§ DATASET ENTRIES
________
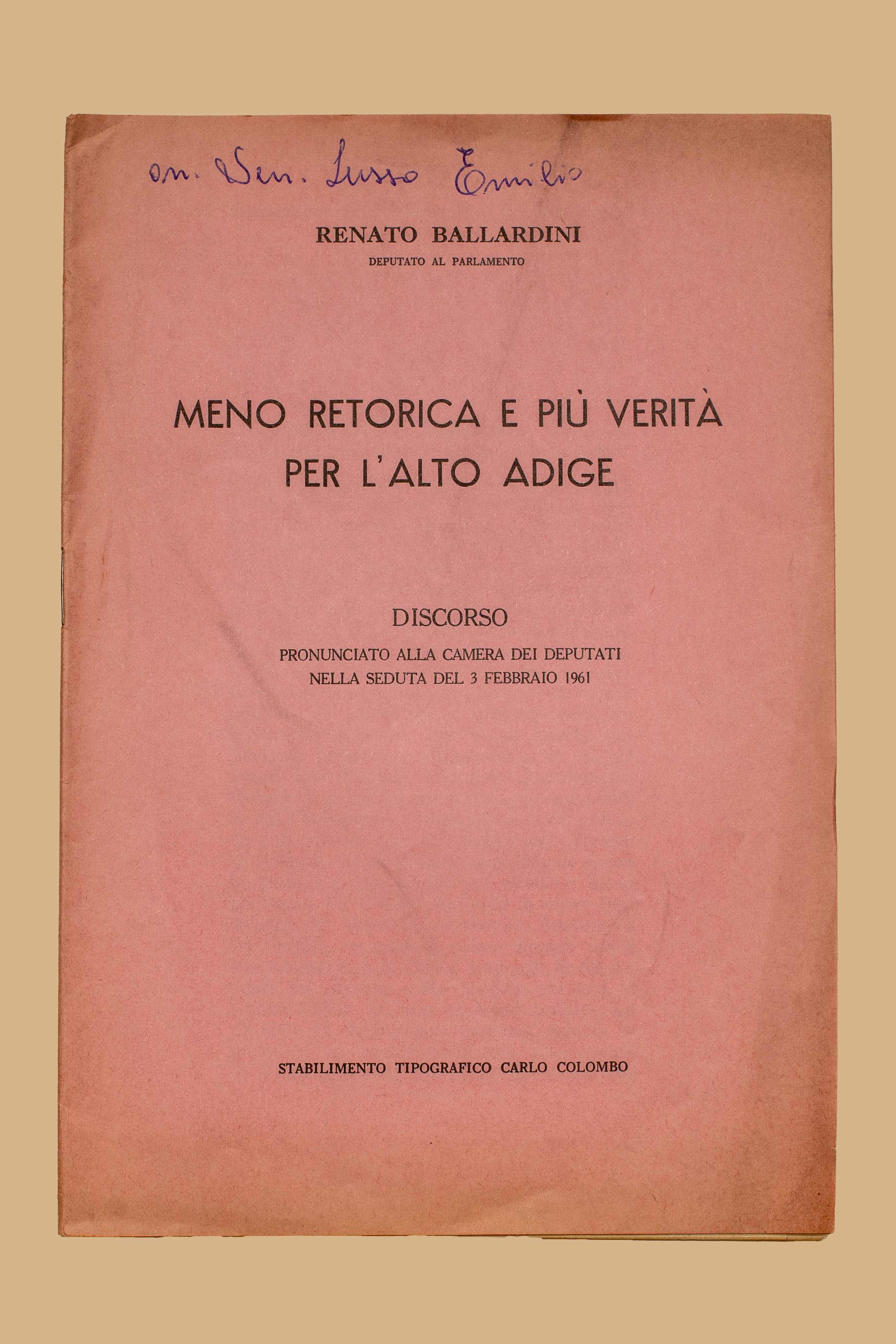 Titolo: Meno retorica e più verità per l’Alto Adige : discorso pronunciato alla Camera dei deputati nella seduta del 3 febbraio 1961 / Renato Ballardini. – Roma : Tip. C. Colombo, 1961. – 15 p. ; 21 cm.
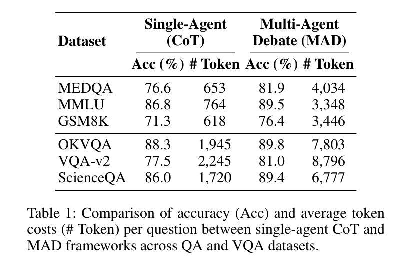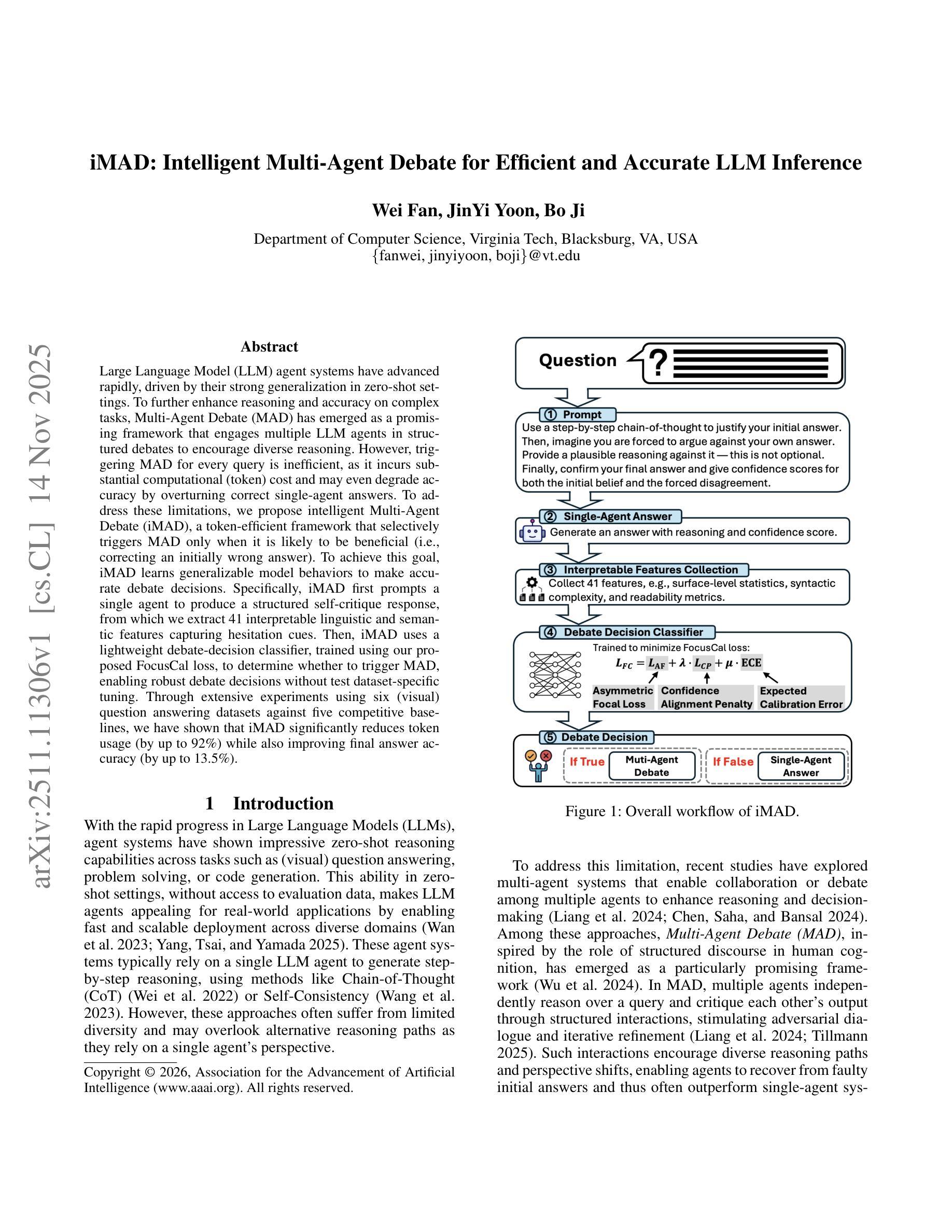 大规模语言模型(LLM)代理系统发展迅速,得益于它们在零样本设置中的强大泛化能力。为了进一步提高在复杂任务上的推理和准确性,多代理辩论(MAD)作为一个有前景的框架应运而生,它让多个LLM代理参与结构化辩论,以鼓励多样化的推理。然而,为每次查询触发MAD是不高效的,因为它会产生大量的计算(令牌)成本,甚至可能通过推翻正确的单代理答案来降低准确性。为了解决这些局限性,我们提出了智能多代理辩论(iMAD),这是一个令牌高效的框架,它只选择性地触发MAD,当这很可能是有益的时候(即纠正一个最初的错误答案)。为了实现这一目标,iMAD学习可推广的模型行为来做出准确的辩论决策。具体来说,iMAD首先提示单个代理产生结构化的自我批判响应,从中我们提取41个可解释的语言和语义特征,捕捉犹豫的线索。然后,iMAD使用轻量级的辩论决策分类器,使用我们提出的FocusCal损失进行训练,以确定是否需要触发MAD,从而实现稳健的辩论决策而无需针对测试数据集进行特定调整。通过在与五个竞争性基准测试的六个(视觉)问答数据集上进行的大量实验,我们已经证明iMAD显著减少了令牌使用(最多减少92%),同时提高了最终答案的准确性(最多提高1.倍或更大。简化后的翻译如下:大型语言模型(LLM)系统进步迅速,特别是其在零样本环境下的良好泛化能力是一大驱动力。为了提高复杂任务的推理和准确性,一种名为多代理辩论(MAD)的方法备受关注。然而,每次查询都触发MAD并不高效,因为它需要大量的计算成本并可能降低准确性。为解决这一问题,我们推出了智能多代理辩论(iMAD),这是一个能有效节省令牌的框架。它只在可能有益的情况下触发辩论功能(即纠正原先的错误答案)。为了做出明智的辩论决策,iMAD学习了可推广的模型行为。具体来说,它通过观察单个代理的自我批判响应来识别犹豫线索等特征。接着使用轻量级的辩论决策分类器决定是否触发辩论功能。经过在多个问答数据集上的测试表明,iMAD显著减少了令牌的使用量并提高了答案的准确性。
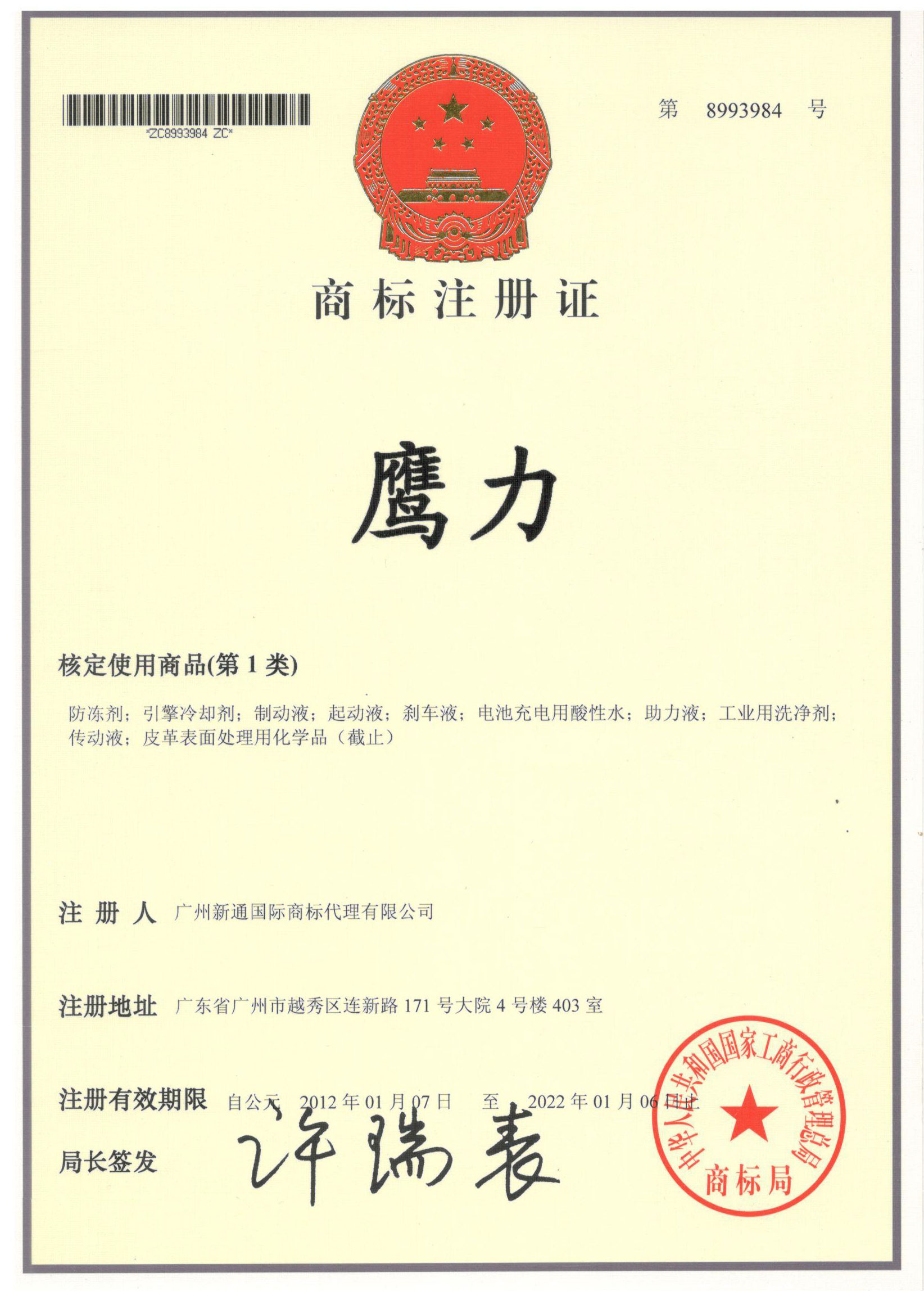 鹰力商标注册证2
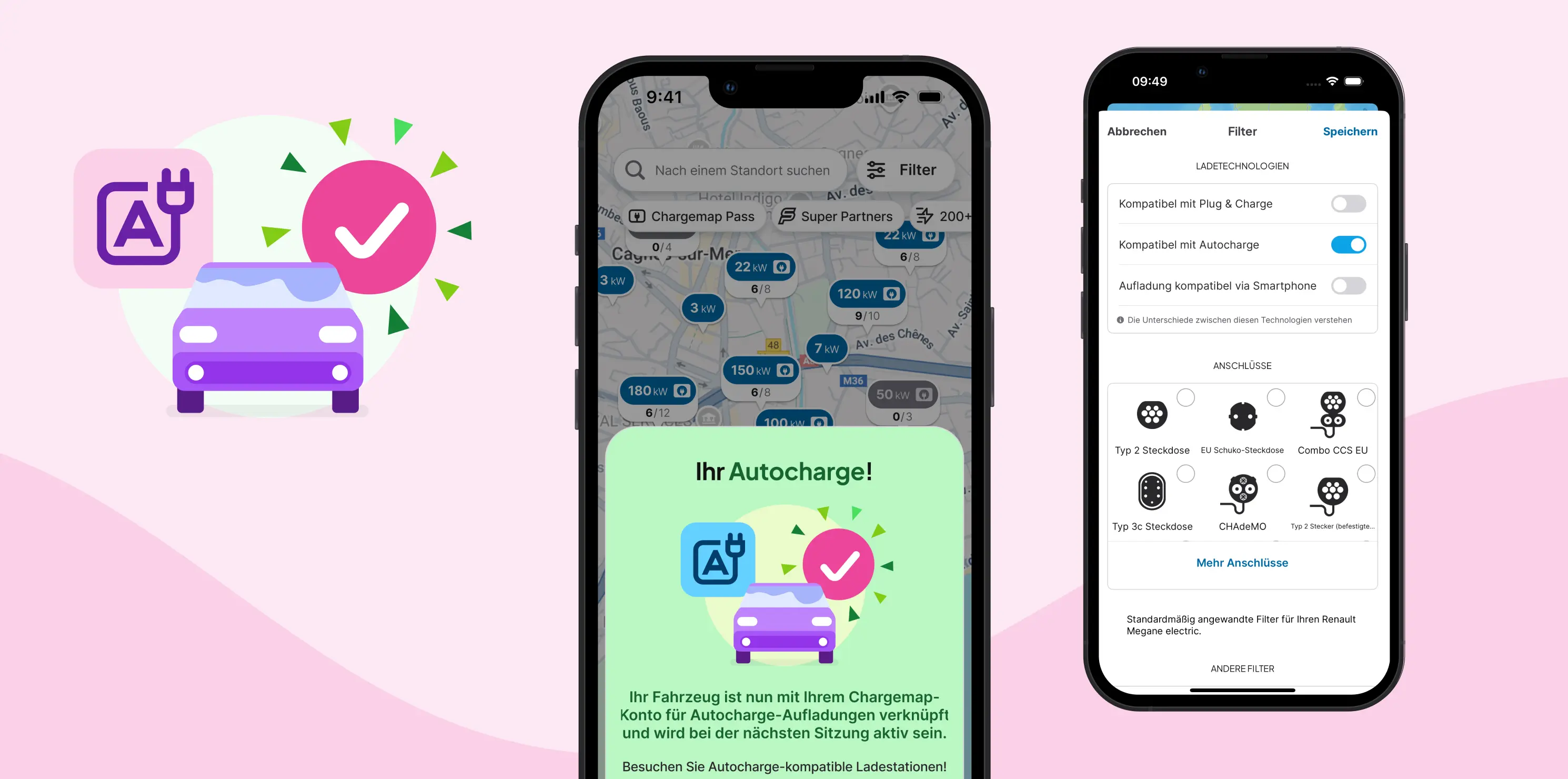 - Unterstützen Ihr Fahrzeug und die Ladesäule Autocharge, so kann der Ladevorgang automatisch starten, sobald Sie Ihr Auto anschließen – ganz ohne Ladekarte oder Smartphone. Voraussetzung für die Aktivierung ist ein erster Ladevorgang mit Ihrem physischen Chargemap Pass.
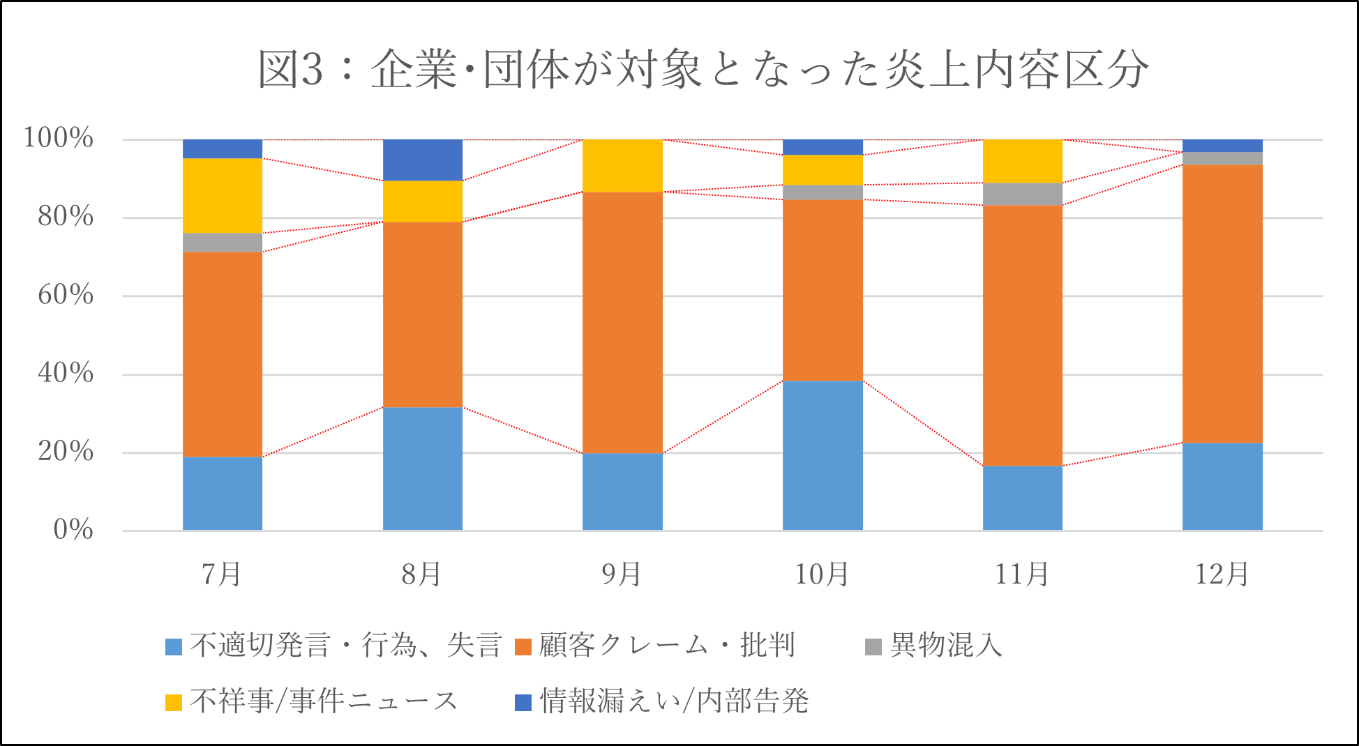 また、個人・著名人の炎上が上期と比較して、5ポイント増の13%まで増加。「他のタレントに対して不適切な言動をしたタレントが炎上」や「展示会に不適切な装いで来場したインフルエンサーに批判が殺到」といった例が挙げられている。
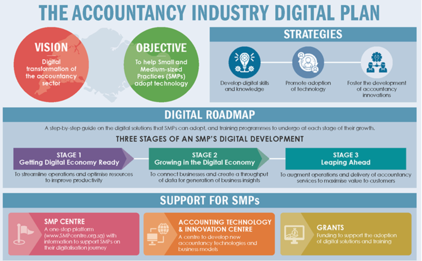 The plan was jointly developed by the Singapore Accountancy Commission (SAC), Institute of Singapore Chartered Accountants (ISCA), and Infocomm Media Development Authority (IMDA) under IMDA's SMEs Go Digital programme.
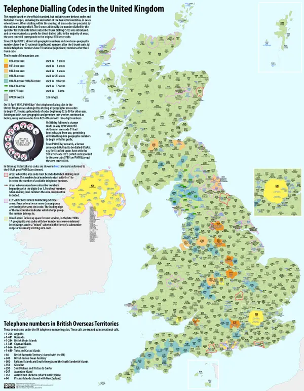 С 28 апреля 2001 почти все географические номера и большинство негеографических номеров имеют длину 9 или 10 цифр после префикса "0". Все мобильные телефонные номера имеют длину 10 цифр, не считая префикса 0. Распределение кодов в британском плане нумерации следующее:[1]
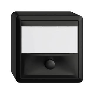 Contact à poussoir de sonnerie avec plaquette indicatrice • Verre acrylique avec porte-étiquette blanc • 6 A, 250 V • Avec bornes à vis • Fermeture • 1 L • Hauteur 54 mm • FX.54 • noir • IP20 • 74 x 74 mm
________
§ THE TASK
Leave the pictures out and reproduce exactly the lines from the line with "С 28 апреля" to the end of the material above.

§ THE COMPLETED TASK
 С 28 апреля 2001 почти все географические номера и большинство негеографических номеров имеют длину 9 или 10 цифр после префикса "0". Все мобильные телефонные номера имеют длину 10 цифр, не считая префикса 0. Распределение кодов в британском плане нумерации следующее:[1]
 Contact à poussoir de sonnerie avec plaquette indicatrice • Verre acrylique avec porte-étiquette blanc • 6 A, 250 V • Avec bornes à vis • Fermeture • 1 L • Hauteur 54 mm • FX.54 • noir • IP20 • 74 x 74 mm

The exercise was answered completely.